Engineering Escherichia coli for molecularly defined electron transfer to metal oxides and electrodes.

摘要

Both organisms and human-made technological devices use the flow of charge as the basic currency of information and energy. The soft materials properties and waxy cell membranes generally do not interface electrically with solid materials. Creating an interface that permits electrical communication between living and non-living systems would enable new opportunities in fields such as biosensing, bioenergy conversion, and biocomputing. Thus my dissertation focuses on creating a blueprint for the bidirectional flow of electrons between living and non-living systems that is transferrable to a multitude of cell lines. I take a biologically-focused approach to connect the living and non-living worlds: use synthetic biology to introduce a new electron transfer pathway into E. coli. This strategy takes advantage of the respiratory capability of the dissimilatory metal reducing bacterium Shewanella oneidensis MR-1. Shewanella uses a network of multiheme cytochromes that are able to transfer charge across the inner and outer membranes of the bacteria via the heme moiety in the cytochromes. This pathway enables Shewanella to route electrons along a well-defined path from the cell interior to an extracellular inorganic material acting as a terminal electron acceptor during anaerobic respiration.
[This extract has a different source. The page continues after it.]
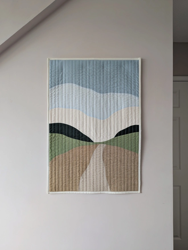 Inspired by the rolling hills of the Somerset countryside, this quilted wall art is handcrafted to bring warmth and texture to any space. It features a hanging sleeve on the back and comes with a wooden dowel for easy display.

By genetically engineering the cell to build and maintain the bioelectronic connections, the cells can autonomously assemble and repair these connections. This work describes the first time the outer membrane spanning and double membrane spanning Shewanella electron transfer pathway was heterologously expressed in Escherichia coli. Additionally, these engineered E. coli strains are shown to reduce soluble iron, solid iron oxide, and anodes. This work not only serves as a landmark for the expression of complex membrane associated pathways, but it also demonstrates proof of concept that this pathway could be transferrable to other cell lines. This dissertation represents the first step towards engineering bidirectional communications with electrodes, and it opens up an array of opportunities for studying the biochemical and enzymatic properties of these unique proteins as well as the potential for novel hybrid technologies.